"How are you doing, Britt?"

"Oh, can’t complain. Well, actually, I can," she says with a laugh. "Parkinson’s goes up and down. The other night I was on my way to the bathroom and leaned on a wardrobe that wasn’t there. Broke my wrist."

It’s Saturday, and Britt Dyngeland, 57, is sitting on a new sofa in a new apartment in a suburb of Bergen called Paradis (Paradise). She laughs at her own story. Her husband, Per Øyvind, is out riding his bicycle.

"Ten years later, what do you think about what you said back then?"

"I have a really good relationship with my daughters, and I’m sure they haven’t had any big problems because of my illness. I’m happy that they call me on the phone quite often. But when I look at that photo I can see how my face has changed. It’s stiffened, so I’ve had Botox injections in my neck and jaw."

"Did that help?"

"Yes, everything helps a little, but there’s no magic spell."

Britt was diagnosed with Parkinson’s in 2009, and the symptoms keep getting worse. She’s been using a walker for a long time. She’s developed dystonia—painful, cramp-like muscle contractions. Her arms, legs, and face twist in different directions. She’s had to spend a lot on dental work because she clenches her jaw so hard. That’s why she gets up at night to take a Madopar Soluble, to loosen the muscles.

"And then you walk into imaginary wardrobes and break your arms?"

"Yes." Britt laughs. "And I dream like crazy. Wake my husband up."

"What were your dreams ten years ago?"

"I dreamed that I would end up in a nursing home or become… what’s the word? Now I’m in that part of the day when I can’t find the words... dementia! That’s what I’m terrified of, dementia"

"But you haven’t developed dementia?"

"No, not so far, not in a way that bothers me. But I worry a lot. It took me so long to remember that word just now. At least I’m not depressed. But I do have anxiety attacks."

When the anxiety hits, she can take medication. She doesn’t like being around a lot of people anymore. Eating with others means a lot of spilling. But with family, it’s fine, even if there are many of them.

"I think it’s because they’re used to seeing me like this. And I try to get out for lunch often, usually with other people who have Parkinson’s."

Britt stopped working in 2016. She worked in the county administration and had to sit in meetings with her body full of involuntary movements. Dyskinesia is common after years of medication.

"Stress in any form is the worst, and that’s why I couldn’t work anymore. I couldn’t make a phone call. Couldn’t even think about making a phone call."

"That makes it hard to get much done."

"Exactly." 

Britt laughs again. Probably at the whole situation. She says her self-image has taken a beating. She doesn’t feel attractive when she can’t communicate like before. To make up for it, she pays attention to how she dresses, colors her lashes and brows. Small things that make her feel better.

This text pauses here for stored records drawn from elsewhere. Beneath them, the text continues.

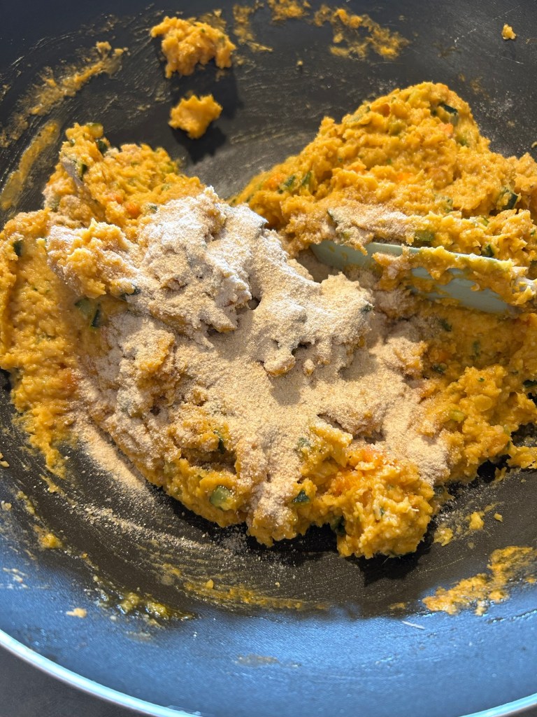 Aggiungo il pane grattugiato, bisogna ottenere un composto un composto piuttosto asciutto ma non duro, quindi il pane grattugiato va valutato secondo la consistenza del composto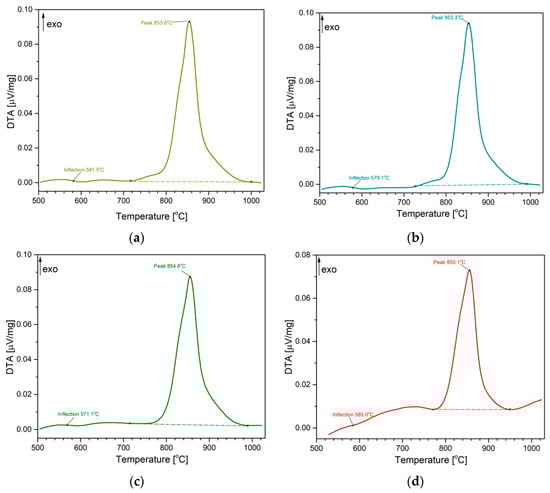 As was reported in [42] the mullite-like phases, such as the germanium-mullite types Al2GeO5, Al2,26Ge0,74O4,87, Al2,38Ge0,62O4,81, and Al2,4Ge0,6O4,8, tended to crystallize rapidly. These crystalline phases were dispersed in the amorphous phases of glass. Although the glass was heat-treated at 500–700 °C, it remained largely amorphous, as demonstrated by DTA analysis (Figure 11a–d).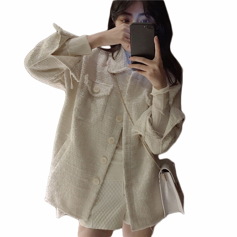 外套女春秋2018新款時尚chic簡約寬松顯瘦中長款呢子外套女配腰帶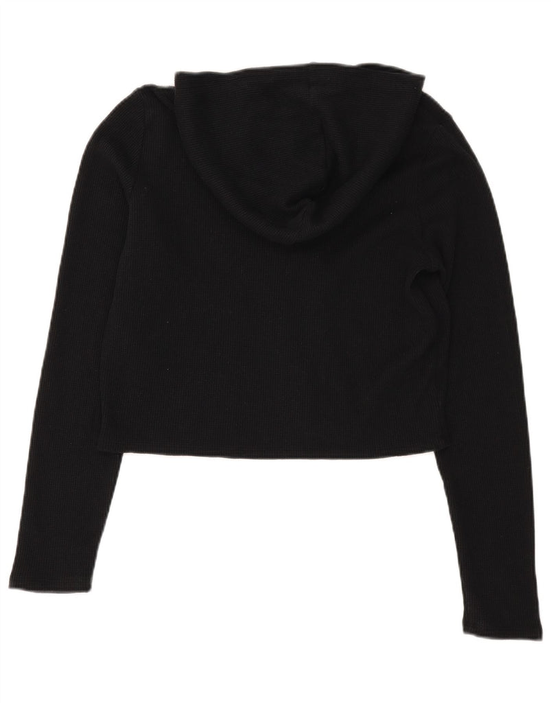 HOLLISTER Womens Crop Zip Hoodie Sweater UK 16 Large Black Cotton

"So I haven’t completely given up."

I find it difficult to have to watch everything Britt has to struggle with, and there’s always something new. She’s had Deep Brain Stimulation surgery, but the motor symptoms are still severe. The involuntary movements are worse.

"Yes, I’m very overactive at times. That’s the worst."

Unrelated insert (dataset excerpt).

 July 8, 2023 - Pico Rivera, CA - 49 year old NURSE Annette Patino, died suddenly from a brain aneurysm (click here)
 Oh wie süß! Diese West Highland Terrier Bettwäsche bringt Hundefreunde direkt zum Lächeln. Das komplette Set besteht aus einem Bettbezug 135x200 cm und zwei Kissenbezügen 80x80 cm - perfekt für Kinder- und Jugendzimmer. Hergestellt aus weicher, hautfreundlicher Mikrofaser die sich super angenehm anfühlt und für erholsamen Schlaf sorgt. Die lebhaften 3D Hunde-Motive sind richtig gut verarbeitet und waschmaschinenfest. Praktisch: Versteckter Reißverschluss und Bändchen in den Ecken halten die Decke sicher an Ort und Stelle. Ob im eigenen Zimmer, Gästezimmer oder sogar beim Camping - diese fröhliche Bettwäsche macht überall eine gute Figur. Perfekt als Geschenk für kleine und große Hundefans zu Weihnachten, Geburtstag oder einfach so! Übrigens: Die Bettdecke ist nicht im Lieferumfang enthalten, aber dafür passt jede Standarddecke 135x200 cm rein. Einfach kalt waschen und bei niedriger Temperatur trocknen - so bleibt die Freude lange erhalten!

She also has a Lecigon pump, a device that delivers a steady stream of levodopa gel into her small intestine. The equipment has to be cleaned daily, and if she’s too overactive, her husband has to help.

"Do you believe you will see any major breakthroughs in Parkinson`s treatment in your lifetime?"

"Not in my lifetime, no."

The front door clicks open. Per Øyvind comes home. Britt is writhing on the sofa now, her legs moving wildly.

"We laugh a lot," he says when I ask how he handles it. "The kids too. Humour ties us together. I’ve been criticized for not taking the disease seriously, but that’s exactly what we do. Humour helps us survive. Britt has incredible grit. She keeps fighting, but it’s getting worse, and now it’s wearing us down."

Britt has had almost every procedure possible, but with limited results. At her worst, she just curls up on the floor. She has half an hour a year for DBS adjustments at the hospital, and that’s too little, he claims. "They don’t observe patients over time when fine-tuning the stimulator, so I don’t think it works as well as it could,"

A year ago, they moved to a new apartment building with a grocery store and pharmacy downstairs and the tram stop outside. It is their impression that most people make these practical moves too late. She’s also got an electric wheelchair for trips around the neighborhood. But then there are the nights. She keeps her husband awake with her dreams because she acts them out. REM Sleep Behavioural Disorder could be an early sign of Parkinson’s Disease. Britt talks and laughs in her sleep, tells jokes, and sings out loudly.

"So you are fun to be with round the clock, so to speak?"

"Yes."

"But then they gave you some pills and it got better?"

"Yes. But then it got worse again. Parkinson’s is a shitty disease, and it takes more than positive thinking to get better. While we wait for a miracle cure, we just take one day at a time."